The quantitative determination was conducted as follows, for valine-tryptophan, tryptophan-tyrosine, tryptophan-methionine, methionine-tryptophan and isoleucine-tryptophan. That is to say, the quantitative determination of these dipeptides was conducted as follows, from the powder or the processed product.

Sep-Pak C18 Pretreatment:

The enzymatic decomposition product which was produced by enzymatically decomposing a hot water extraction residue of KATSUOBUSHI and the processed food thereof were weighed for 25 mg and 5 g, respectively, were loaded to Sep-Pak C18 cartridge, the water soluble fraction was removed from them, and the bound fraction was eluted with 50% ethanol was obtained as the liquid sample.

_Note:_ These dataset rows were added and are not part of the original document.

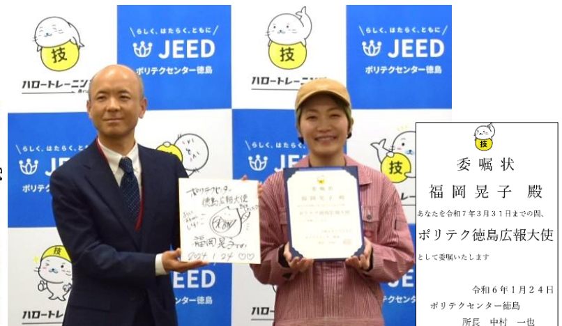
（左）ポリテク徳島所長 （右）アッコビン

ポリテクセンター徳島は、職業訓練の認知度向上を目的とした広報活動の一環として、徳島県出身で現在「アッコビン」として活動されている福岡晃子さん（元チャットモンチー）を「ポリテク徳島広報大使」に委嘱し、令和6年1月24日に就任式を開催しました（任期は令和7年3月末まで）。
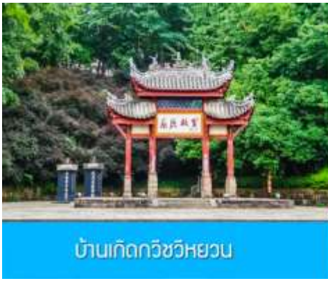
บ้านเกิดกวีชวีหยวน
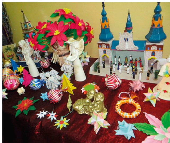
Wystawa rękodzieła świątecznego w CKL w Cyganach
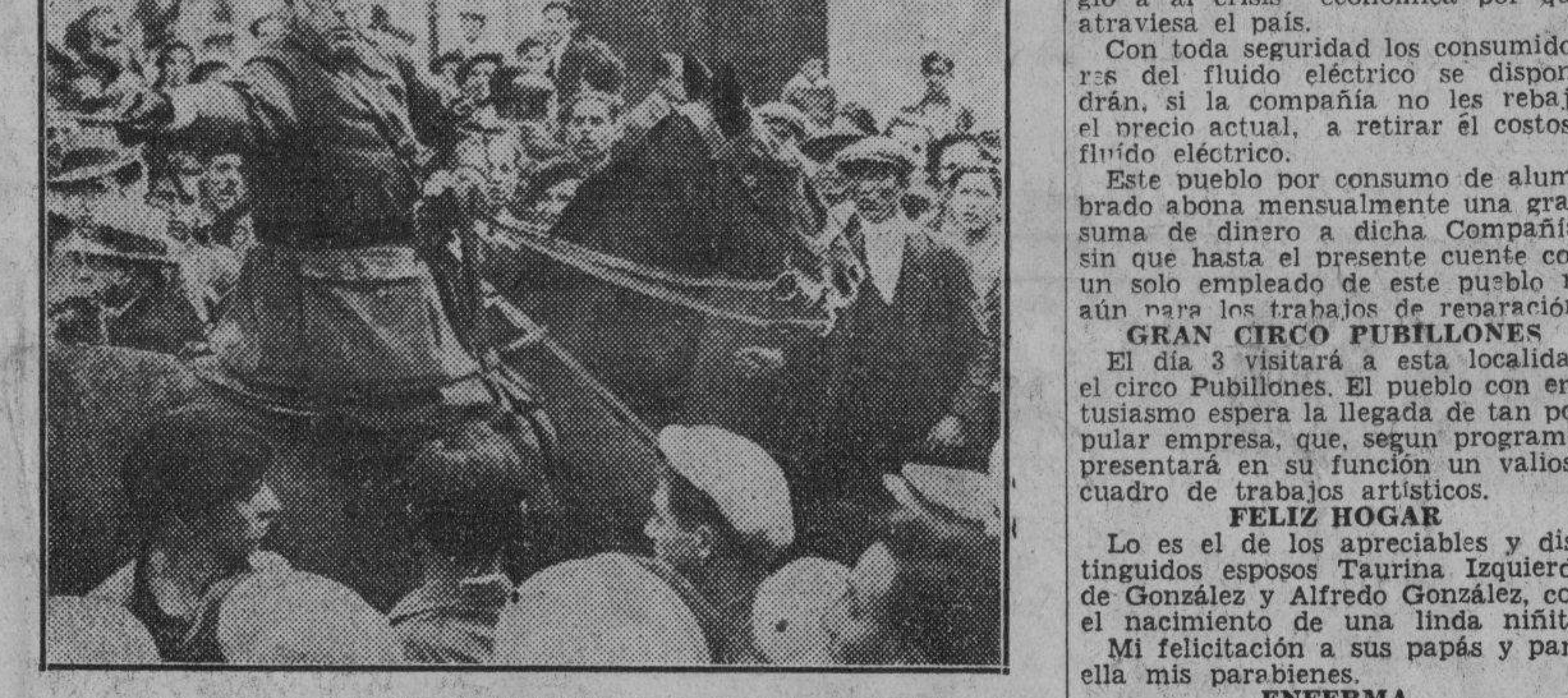
El nuevo Gobierno de España tuvo que declarar la ley marcial para calmar los ánimos anti-religiosos. Aquí se ve a un coronel persuadiendo a la turba a calmarse.
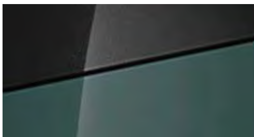
Mangrove Green Mica + € 795 Mangrove Green Mica Two-tone Phantom Black + € 995
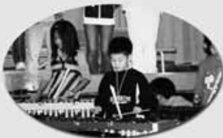
5年生 音楽 歌「きみをのせて」 器楽合奏 「ルパン三世のテーマ」
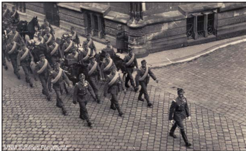
A Testőr Lovász Zászlóalj egy szakasza a Bécsi kapunál gyakorlatról tér vissza

A szélsőjobb oldali veszély növekedése, majd 1944 márciusában Magyarország német megszállása átrendezte a testőrségi szerepeket, s egyre inkább a biz-
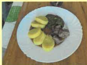
12. vepřová plec na česneku, špenát, bram.knedlík

8000 μg of the purified ACE inhibitory peptide which was recycled from the sample obtained with Sep-Pak C18 treatment as described above, was dissolved in 100 μL of the purified water, and 2000 μg/25 μL thereof was loaded to the high-performance liquid chromatography equipped with C-18 column to fractionate the peptide. The conditions were shown as follows.

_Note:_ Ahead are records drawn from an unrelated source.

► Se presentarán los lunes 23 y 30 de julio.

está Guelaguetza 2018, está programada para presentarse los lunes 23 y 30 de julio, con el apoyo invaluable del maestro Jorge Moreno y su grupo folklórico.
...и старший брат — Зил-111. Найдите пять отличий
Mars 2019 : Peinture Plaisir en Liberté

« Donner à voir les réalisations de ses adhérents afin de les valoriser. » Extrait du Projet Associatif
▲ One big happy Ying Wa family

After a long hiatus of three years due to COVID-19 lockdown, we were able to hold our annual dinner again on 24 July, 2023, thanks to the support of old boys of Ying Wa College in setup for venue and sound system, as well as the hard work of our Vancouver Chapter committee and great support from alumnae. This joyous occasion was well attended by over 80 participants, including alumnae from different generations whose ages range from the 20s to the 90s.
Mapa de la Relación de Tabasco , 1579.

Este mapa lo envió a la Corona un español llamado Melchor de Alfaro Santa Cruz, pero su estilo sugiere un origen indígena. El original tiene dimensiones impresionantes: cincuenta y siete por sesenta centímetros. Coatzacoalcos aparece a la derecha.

    • Column: Acquity UPLC BEH C18 (2.1 mmID×100 mmL, 1.7 μm)
    • Moving phase: 15% CH3CN in 0.1% TFA
    • Flow rate: 0.2 mL/min
    • Temperature: 40° C.
    • Detection: UV 200-300 nm

1 μg/μL of the synthesized valine-tryptophan, tryptophan-tyrosine, tryptophan-methionine, methionine-tryptophan and isoleucine-tryptophan were loaded as an authentic preparation, respectively. The elution time of valine-tryptophan, tryptophan-tyrosine, tryptophan-methionine, methionine-tryptophan and isoleucine-tryptophan were 10.52, 11.21, 13.84, 15.57 and 16.82 minutes, respectively.

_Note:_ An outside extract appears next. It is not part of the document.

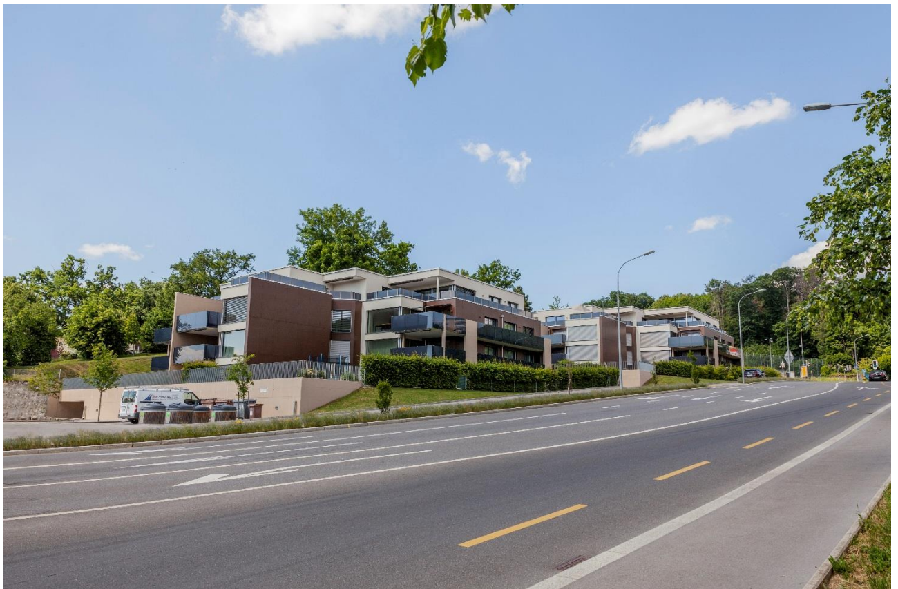
Route du Mont 1 + 3 - 1008 Prilly - «L'Orée du Parc»

The result of the quantitative determination was as the following Table 18.

TABLE 18 The amount of the dipeptides of the invention in the KATSUOBUSHI peptide The quantitative value (mg/100 g KATSUOBUSHI peptide) Valine-tryptophan 58.89 Tryptophan-tyrosine 13.40 Tryptophan-methionine 20.00 Methionine-tryptophan 13.16 Isoleucine-tryptophan 39.20

Example 6-3

The quantitative determination was conducted as follows, for serine-tryptophan, asparagine-tryptophan, glutamine-tryptophan, glycine-tryptophan and alanine-tryptophan.

That is to say, the quantitative determination of these dipeptides was conducted as follows, from the powder or the processed product.

Sep-Pak C18 Pretreatment:

The enzymatic decomposition product which was produced by enzymatically decomposing a hot water extraction residue of KATSUOBUSHI and the processed food thereof were weighed for 25 mg and 5 g, respectively, were loaded to Sep-Pak C18 cartridge, the water soluble fraction was removed from them, and the bound fraction was eluted with 50% ethanol was obtained as the liquid sample.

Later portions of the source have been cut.